→ DATASET ENTRIES
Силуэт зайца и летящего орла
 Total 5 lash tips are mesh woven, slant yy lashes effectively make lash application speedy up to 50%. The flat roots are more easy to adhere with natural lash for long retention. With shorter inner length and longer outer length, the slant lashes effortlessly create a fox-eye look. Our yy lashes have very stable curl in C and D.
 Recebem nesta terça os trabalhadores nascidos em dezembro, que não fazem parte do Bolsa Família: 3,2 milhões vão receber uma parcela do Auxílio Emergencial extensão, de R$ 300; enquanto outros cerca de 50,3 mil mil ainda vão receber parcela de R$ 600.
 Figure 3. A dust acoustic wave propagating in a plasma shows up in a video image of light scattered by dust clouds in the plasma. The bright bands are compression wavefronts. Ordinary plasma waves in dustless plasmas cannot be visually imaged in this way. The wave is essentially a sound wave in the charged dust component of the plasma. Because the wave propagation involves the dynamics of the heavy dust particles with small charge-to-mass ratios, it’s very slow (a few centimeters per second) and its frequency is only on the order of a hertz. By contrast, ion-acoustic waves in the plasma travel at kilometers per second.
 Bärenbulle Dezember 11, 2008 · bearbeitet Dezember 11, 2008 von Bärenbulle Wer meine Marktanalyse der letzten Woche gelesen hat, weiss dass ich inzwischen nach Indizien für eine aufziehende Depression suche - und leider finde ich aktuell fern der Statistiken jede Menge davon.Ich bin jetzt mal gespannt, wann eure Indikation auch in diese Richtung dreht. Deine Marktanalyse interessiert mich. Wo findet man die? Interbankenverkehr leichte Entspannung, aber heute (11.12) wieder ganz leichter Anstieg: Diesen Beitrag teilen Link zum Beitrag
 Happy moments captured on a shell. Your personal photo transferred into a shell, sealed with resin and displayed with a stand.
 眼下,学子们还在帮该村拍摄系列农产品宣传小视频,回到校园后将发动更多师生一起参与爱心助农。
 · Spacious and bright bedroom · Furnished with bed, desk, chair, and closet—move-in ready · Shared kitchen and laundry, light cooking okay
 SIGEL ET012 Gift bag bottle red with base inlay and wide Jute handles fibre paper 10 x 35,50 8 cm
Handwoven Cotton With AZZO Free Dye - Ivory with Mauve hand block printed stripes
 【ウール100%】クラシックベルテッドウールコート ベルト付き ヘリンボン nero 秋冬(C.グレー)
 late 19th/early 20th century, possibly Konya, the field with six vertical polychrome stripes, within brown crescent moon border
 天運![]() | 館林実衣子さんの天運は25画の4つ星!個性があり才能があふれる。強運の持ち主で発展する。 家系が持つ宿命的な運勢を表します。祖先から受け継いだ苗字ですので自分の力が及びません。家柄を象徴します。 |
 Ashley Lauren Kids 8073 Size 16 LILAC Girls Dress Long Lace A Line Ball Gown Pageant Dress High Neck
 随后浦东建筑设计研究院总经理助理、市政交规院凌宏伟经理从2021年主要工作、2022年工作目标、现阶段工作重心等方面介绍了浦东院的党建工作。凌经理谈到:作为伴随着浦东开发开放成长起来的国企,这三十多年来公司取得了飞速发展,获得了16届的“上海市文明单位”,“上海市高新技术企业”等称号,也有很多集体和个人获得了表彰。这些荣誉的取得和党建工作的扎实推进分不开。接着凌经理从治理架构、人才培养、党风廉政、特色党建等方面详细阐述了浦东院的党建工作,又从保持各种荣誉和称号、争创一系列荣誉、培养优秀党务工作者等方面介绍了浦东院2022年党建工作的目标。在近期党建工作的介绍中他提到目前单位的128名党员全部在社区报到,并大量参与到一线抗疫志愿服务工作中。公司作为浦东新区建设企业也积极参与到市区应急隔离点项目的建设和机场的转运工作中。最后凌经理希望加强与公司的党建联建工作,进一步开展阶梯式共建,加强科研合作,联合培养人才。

→ WHAT NEEDS TO BE DONE
The response must restate every entry word for word.

→ EXPECTED OUTPUT
Силуэт зайца и летящего орла
 Total 5 lash tips are mesh woven, slant yy lashes effectively make lash application speedy up to 50%. The flat roots are more easy to adhere with natural lash for long retention. With shorter inner length and longer outer length, the slant lashes effortlessly create a fox-eye look. Our yy lashes have very stable curl in C and D.
 Recebem nesta terça os trabalhadores nascidos em dezembro, que não fazem parte do Bolsa Família: 3,2 milhões vão receber uma parcela do Auxílio Emergencial extensão, de R$ 300; enquanto outros cerca de 50,3 mil mil ainda vão receber parcela de R$ 600.
 Figure 3. A dust acoustic wave propagating in a plasma shows up in a video image of light scattered by dust clouds in the plasma. The bright bands are compression wavefronts. Ordinary plasma waves in dustless plasmas cannot be visually imaged in this way. The wave is essentially a sound wave in the charged dust component of the plasma. Because the wave propagation involves the dynamics of the heavy dust particles with small charge-to-mass ratios, it’s very slow (a few centimeters per second) and its frequency is only on the order of a hertz. By contrast, ion-acoustic waves in the plasma travel at kilometers per second.
 Bärenbulle Dezember 11, 2008 · bearbeitet Dezember 11, 2008 von Bärenbulle Wer meine Marktanalyse der letzten Woche gelesen hat, weiss dass ich inzwischen nach Indizien für eine aufziehende Depression suche - und leider finde ich aktuell fern der Statistiken jede Menge davon.Ich bin jetzt mal gespannt, wann eure Indikation auch in diese Richtung dreht. Deine Marktanalyse interessiert mich. Wo findet man die? Interbankenverkehr leichte Entspannung, aber heute (11.12) wieder ganz leichter Anstieg: Diesen Beitrag teilen Link zum Beitrag
 Happy moments captured on a shell. Your personal photo transferred into a shell, sealed with resin and displayed with a stand.
 眼下,学子们还在帮该村拍摄系列农产品宣传小视频,回到校园后将发动更多师生一起参与爱心助农。
 · Spacious and bright bedroom · Furnished with bed, desk, chair, and closet—move-in ready · Shared kitchen and laundry, light cooking okay
 SIGEL ET012 Gift bag bottle red with base inlay and wide Jute handles fibre paper 10 x 35,50 8 cm
Handwoven Cotton With AZZO Free Dye - Ivory with Mauve hand block printed stripes
 【ウール100%】クラシックベルテッドウールコート ベルト付き ヘリンボン nero 秋冬(C.グレー)
 late 19th/early 20th century, possibly Konya, the field with six vertical polychrome stripes, within brown crescent moon border
 天運![]() | 館林実衣子さんの天運は25画の4つ星!個性があり才能があふれる。強運の持ち主で発展する。 家系が持つ宿命的な運勢を表します。祖先から受け継いだ苗字ですので自分の力が及びません。家柄を象徴します。 |
 Ashley Lauren Kids 8073 Size 16 LILAC Girls Dress Long Lace A Line Ball Gown Pageant Dress High Neck
 随后浦东建筑设计研究院总经理助理、市政交规院凌宏伟经理从2021年主要工作、2022年工作目标、现阶段工作重心等方面介绍了浦东院的党建工作。凌经理谈到:作为伴随着浦东开发开放成长起来的国企,这三十多年来公司取得了飞速发展,获得了16届的“上海市文明单位”,“上海市高新技术企业”等称号,也有很多集体和个人获得了表彰。这些荣誉的取得和党建工作的扎实推进分不开。接着凌经理从治理架构、人才培养、党风廉政、特色党建等方面详细阐述了浦东院的党建工作,又从保持各种荣誉和称号、争创一系列荣誉、培养优秀党务工作者等方面介绍了浦东院2022年党建工作的目标。在近期党建工作的介绍中他提到目前单位的128名党员全部在社区报到,并大量参与到一线抗疫志愿服务工作中。公司作为浦东新区建设企业也积极参与到市区应急隔离点项目的建设和机场的转运工作中。最后凌经理希望加强与公司的党建联建工作,进一步开展阶梯式共建,加强科研合作,联合培养人才。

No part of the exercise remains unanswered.